EXERCISE BRIEF: For the material that follows, list every line containing the word "this".
Segment Start: ENTRIES SUPPLIED
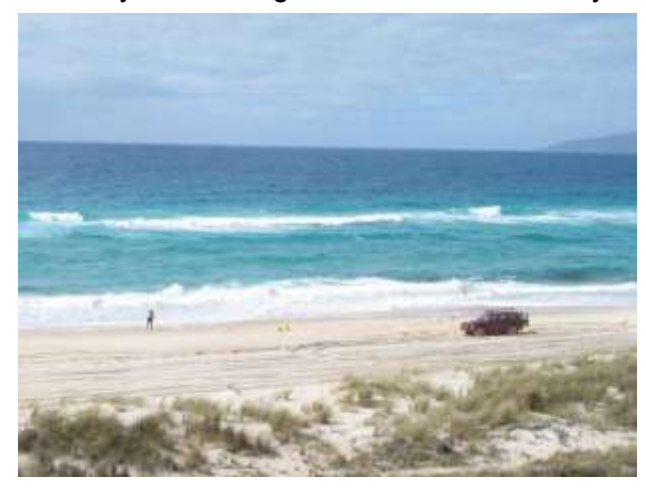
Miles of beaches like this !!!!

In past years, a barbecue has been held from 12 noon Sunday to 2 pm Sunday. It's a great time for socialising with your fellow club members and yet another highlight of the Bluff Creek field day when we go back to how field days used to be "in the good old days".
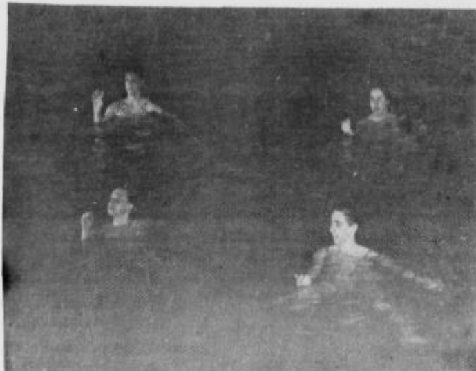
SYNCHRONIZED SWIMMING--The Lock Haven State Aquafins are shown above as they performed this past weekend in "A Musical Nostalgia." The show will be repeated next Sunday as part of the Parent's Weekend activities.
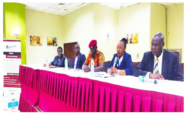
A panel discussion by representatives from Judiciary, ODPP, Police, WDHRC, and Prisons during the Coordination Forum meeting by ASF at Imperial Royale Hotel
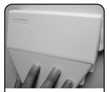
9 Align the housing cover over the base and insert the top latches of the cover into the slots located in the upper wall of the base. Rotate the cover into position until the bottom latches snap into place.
Segment End: ENTRIES SUPPLIED
Segment Start: ENTRIES SUPPLIED
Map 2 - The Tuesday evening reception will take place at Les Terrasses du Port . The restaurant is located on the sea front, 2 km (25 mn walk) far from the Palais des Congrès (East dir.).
Segment End: ENTRIES SUPPLIED
EXPECTED ANSWER:
Miles of beaches like this !!!!
SYNCHRONIZED SWIMMING--The Lock Haven State Aquafins are shown above as they performed this past weekend in "A Musical Nostalgia." The show will be repeated next Sunday as part of the Parent's Weekend activities.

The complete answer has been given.